If they walked into the bank and they signed out, you know, filled out a credit card application, they're probably looking to send in mail and make phone calls. But if they did it over their phone, you know, on their commute on the subway in the morning, you know, they're probably going to be looking for that self-service type of technology as they look to communicate with debt collectors. Have you seen someone who gets to a lot of visibility across the debt settlement space? Have you seen technology evolving in a similar fashion throughout that industry?

Felix Shipkevich (11:11)
Absolutely. It has been, you know, in comparison to all the industries that I serve as a little bit of a slower progress, but I'm seeing it accelerate, particularly with the use of AI or AI coming into our daily lives. Right. So when I came to this industry in 2015, I can't tell you how many clients I've seen. They still use your typical Excel spreadsheets. And thankfully I see that almost everybody now uses CRMs and there are a number of CRMs that are provided that have earned, I would say, respect of the industry. So that's one, right? That was kind of my first, you could say, experience with technology. And Adam, I'm very biased because before founding my firm 15 years ago, I was a general counsel of a commodities brokerage and foreign exchange brokerage, right? So I'm used to seeing technology being used all the time. I mean, like the firm that I, you know, I saw globally on the legal side, you know, every room we walked in had screens and we had self automation tools that would get, your proprietary trades in the market. Even the clients that are present right now from FX brokers to banks to prime brokers in the
in that space, there's just so much more advanced that in the debt settlement space. And know somebody who is listening in the debt settlement says, well, that's ridiculous. No, it actually is true, right? I think in the past two years, I've seen that big spur where the debt settlement companies and debt settlement attorneys are just beginning to use the tools that really could have and should have been used for quite a long time. And I know I'm very critical.

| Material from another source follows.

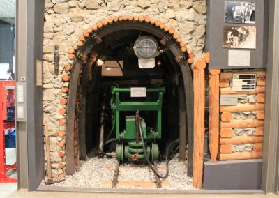 ÜberzeugT euch vom hohen Technologisierungsgrad des peißenberger Bergwerks in unserer Großexponatenhalle mit hydraulischen Schaustreb, Förderturm, Grubenlüfter und Grubenlok

And I don't mean to pick on this industry, but I also am comparing to other industries of service, right? I'm not known as a lawyer who's gonna sugarcoat things for space. The good news is that in the past two years, I'm seeing a tremendous growth of using automated tools, tools that benefit debtors that are just so much more easier to use. And something I'm sure you're wanna talk about is how AI is going to transform this industry and how that collection space and that settlement space are going to ultimately use and work with each other using AI.

Adam Parks (13:28)
Well, and that was an interesting conversation that came up with the Debt Connection Symposium. So I had an opportunity to attend those roundtable discussions. I thought it was quite interesting. And after the roundtables, I was talking with a few individuals and we were talking about AI bots. And as we've seen conversational AI start to be deployed more across the debt collection space, as I've talked with these AI voice vendors, it sounds like a lot of them have had success

Adam Parks (13:54)
managing incoming calls before they start doing outbound calls. So if the debt collection companies are accepting calls and those incoming calls are being answered by an AI bot, and inevitably I would expect that the debt settlement space is going to start outbounding some of their calls using some of the conversational AI, especially where they're not communicating with a consumer and it's a business to business interaction.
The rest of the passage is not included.